MSF Operational Budget
| India |
M€ 0.61 |
| Indonesia |
M€ 19.54 |
| Malaysia |
M€ 0.23 |
| Sri Lanka |
M€ 4.10 |
| Thailand |
M€ 0.11 |
| Total |
M€ 24.59 |
MSF Expenses (end of August)
| India |
M€ 0.47 |
| Indonesia |
M€ 16.04 |
| Malaysia |
M€ 0.12 |
| Sri Lanka |
M€ 4.19 |
| Thailand |
M€ 0.09 |
| Total |
M€ 20.91 |
The generosity of hundreds of thousands of MSF donors worldwide made it possible for MSF teams to begin assessing the needs and providing medical relief in the most-affected areas of Indonesia, Sri Lanka, Thailand, and other countries within 48 hours of the disaster.
Less than a week after the tsunami, estimating that we had already received sufficient funds for our foreseen emergency activities, MSF began asking donors to stop giving donations for MSF's response to this particular emergency. Instead they were encouraged to support our work providing medical care in other emergencies and ongoing conflicts such as the Democratic Republic of Congo, Somalia, or the Darfur region of Sudan.

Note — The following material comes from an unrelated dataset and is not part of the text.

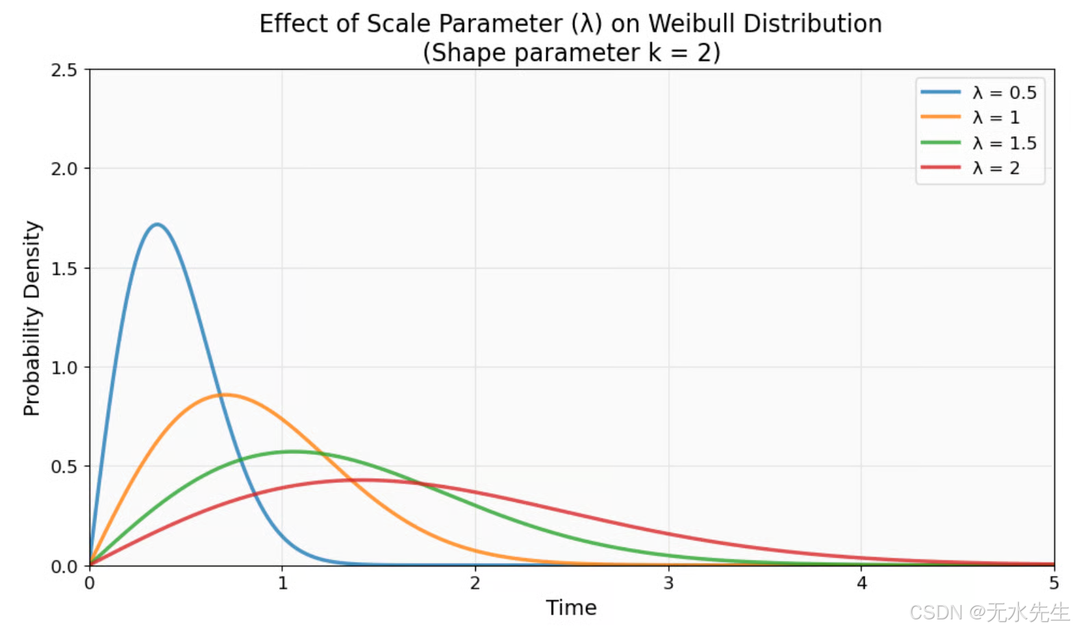 尺度参数 (λ) 如何影响 Weibull 分布沿时间轴的移动?较大的 λ 值会使分布向右拉伸(特征寿命更长),而较小的 λ 值会使分布向左压缩(特征寿命更短)。分布形状保持不变。图片由作者提供。
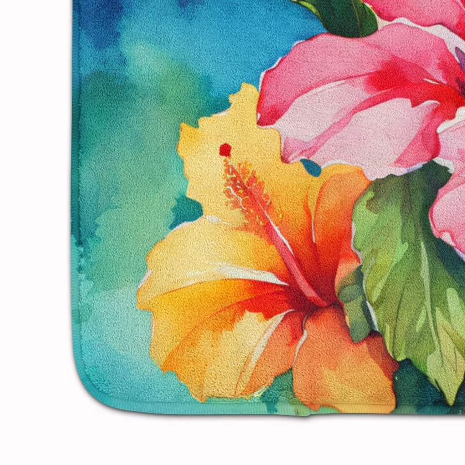 Hawaii Hawaiian Hibiscus Watercolor Memory Foam Bath Mat Machine Washable Anti-Fatigue Kitchen Rug Comfort Cushion

MSF offices around the world also began contacting individuals requesting their permission to use their funds to support MSF's work in emergencies elsewhere in the world. This process is still ongoing, but so far an overwhelming majority of the donors have accepted that we will use their donations elsewhere. Fifty-seven percent of the funds initially received for the emergency can now be used to support MSF's other emergency programs around the world such as in Niger today. MSF seeks to derestrict a further 19.5% of the donations and 1% has been refunded on request.
Fundraising situation
| Funds collected |
M€ 109.1 |
100% |
| of which: |
| Funds derestricted or re-directed to
other crises |
M€ 62 |
56.9 % |
| Funds reimbursed |
M€ 1.2 |
1.1% |
| Remaining restricted funds |
M€ 45.9 |
42% |
| of which: |
| Remaining de-restriction target |
M€ 21.3 |
19.5 % |
| Funds budgeted for Tsunami
operations 2004/2005 |
M€ 24.6 |
22.5 % |
MSF is extremely grateful for the unprecedented surge of spontaneous donations we received following the tsunami disaster and will continue to use this money to provide medical and psychosocial care in the regions affected by the tsunami. At the same time, we are heartened by the trust our supporters have placed in us to use their funds where they are needed most. We believe that being open and transparent with our donors about how we use their funds is essential, as it is their support that allows us to alleviate the suffering of the most vulnerable in the worst conflicts and disasters around the world.